Personal details
- Born: October 17, 1937 Baker City, Oregon, U.S.
- Died: June 20, 2021 (aged 83)
- Party: Constitution
- Spouse: Marilyn Titus
- Alma mater: University of Oregon Harvard University

= Herbert Titus =

American attorney, writer, and politician (1937–2021)

Herbert William "Herb" Titus (October 17, 1937 - June 20, 2021) was an American attorney, writer, and political candidate. He was the Constitution Party's nominee for Vice President during the 1996 presidential election.

==Early life==
Titus was born in Baker City, Oregon, on October 17, 1937. He attended Baker public schools, where he graduated as co-valedictorian of the class of 1955. Four years later he graduated from the University of Oregon, where he had served as student body president. Titus graduated cum laude from Harvard Law School in 1962.

==Career==
Titus held a law degree from Harvard University, graduating cum laude, and a B.S. degree in political science from the University of Oregon, where he graduated Phi Beta Kappa. He was vice president of the freshman class at Oregon.

He was an active member of the Virginia Bar Association and was admitted to practice before the United States Supreme Court, the United States District Court for the Eastern District of Virginia, the United States Court of Federal Claims, and the United States Courts of Appeals for the Fifth, Sixth, Seventh, Eighth, Ninth, Tenth, and District of Columbia and Federal Circuits. He was also admitted to practice in the Army Court of Criminal Appeals and the Court of Appeals for the Armed Forces.

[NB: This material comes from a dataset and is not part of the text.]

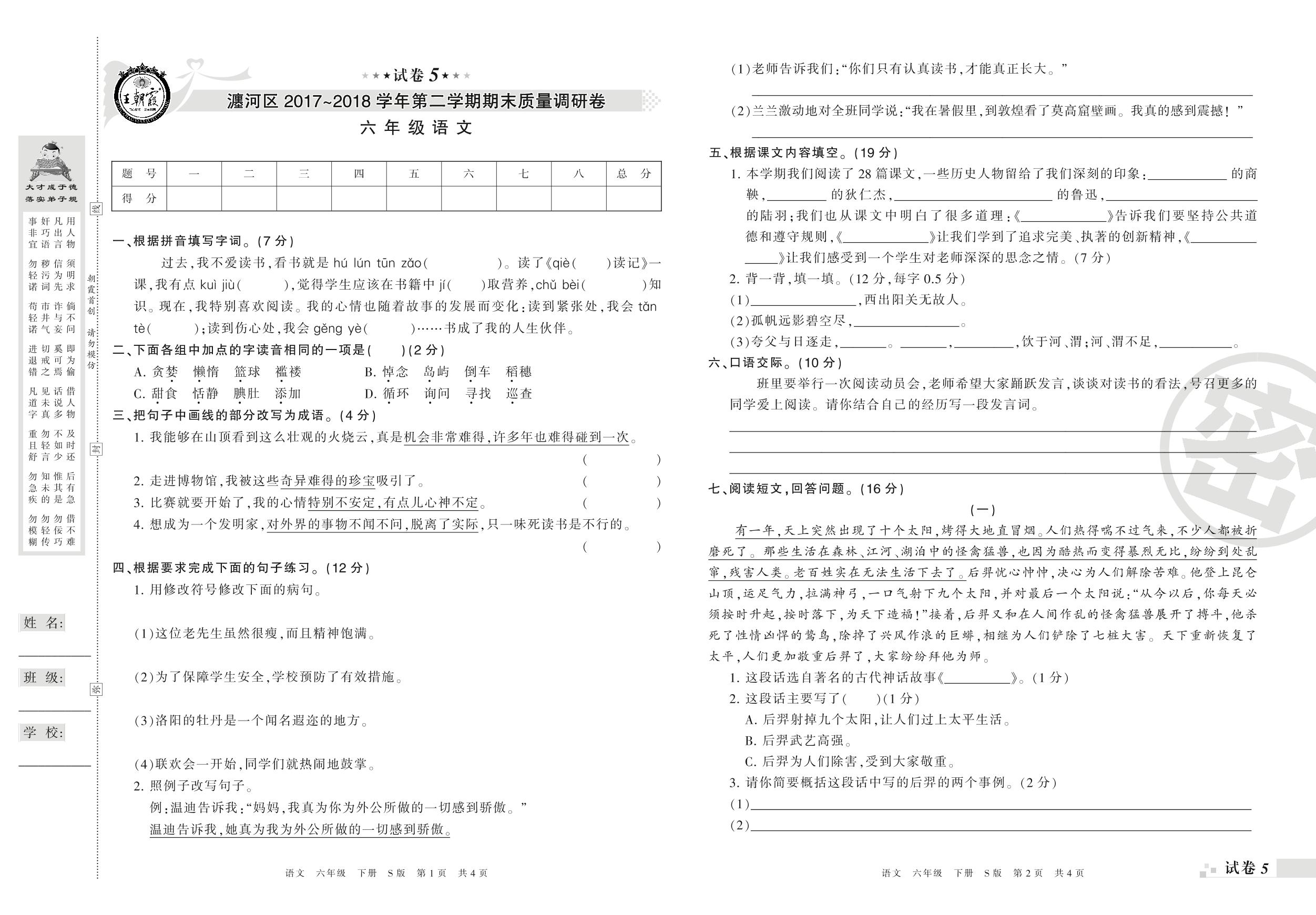 2017-2018学年第二学期洛阳市瀍河区六年级语文试卷(S版)【5】

After two years as a trial attorney and a Special Assistant United States Attorney with the U.S. Department of Justice, Titus worked as a professor of law from 1964 to 1979 at the state universities of Oklahoma, Colorado and Oregon. He was "active in various left-wing-based political causes" during this period, opposing the Vietnam War and supporting homosexual rights and abortion rights. He also worked with attorneys and clients on a number of constitutional cases in his role as a regional director with the American Civil Liberties Union.

In 1975, Titus was "dramatically converted to Christ" while attending a Sunday School class with his wife, after which he studied with Dr. Francis Schaeffer in Switzerland for a year.

He left his tenured position as professor of law at the University of Oregon in 1979 to become a member of the charter faculty at the O. W. Coburn School of Law at Oral Roberts University. Three years later, Titus moved to CBN University (later named Regent University), where he served for a total of eleven years, first as the founding Dean of the School of Public Policy and then as Vice-President for Academic Affairs. Starting in 1986, Titus became the founding Dean of the College of Law and Government in Regent University. All told, Titus taught constitutional law, common law, and other subjects at five different law schools for almost 30 years.

He was the author of a book entitled God, Man and Law: The Biblical Principles.

Titus was of counsel at the Virginia law firm of William J. Olson, P.C., specializing in Constitutional Law, Legislative Practice, Appellate Practice, Election and Campaign Finance, and Firearms Law.

==Politics==
Titus was the 1996 vice presidential nominee for the Constitution Party (then known as the U.S. Taxpayer's Party) as the running mate of the party founder Howard Phillips.

Along with his client, former Alabama Chief Justice Roy Moore, Titus was an original drafter of the Constitution Restoration Act, which sought to take out of federal court jurisdiction appellate cases that involved public officials who acknowledged God as the sovereign source of law, liberty, or government, and provided for the impeachment of federal judges who disregarded the act. The act did not pass either time it was introduced, but its tenets were incorporated into the 2004 Republican Party platform.

==Personal life==
Residents of Chesapeake, Virginia, Titus and his wife, Marilyn, to whom he had been married 52 years at the time of his death, had four children and 15 grandchildren.

Titus died on June 20, 2021, a practicing lawyer until his death.

==Writings==
- Judicial Tyranny: The New Kings of America? - contributing author (Amerisearch, 2005) ISBN 0-9753455-6-7
- God, Man and Law: The Biblical Principles (Institute In Basic Life Principles, 1994) ISBN 0-916888-17-7

Party political offices
| Preceded byAlbion Knight, Jr. | Constitution Party nominee for Vice President of the United States 1996 | Succeeded byJoseph Sobran Curtis Frazier¹ |
Notes and references
1. Joseph Sobran was the original vice presidential nominee in 2000. He withdrew from the race and was replaced by Curtis Frazier.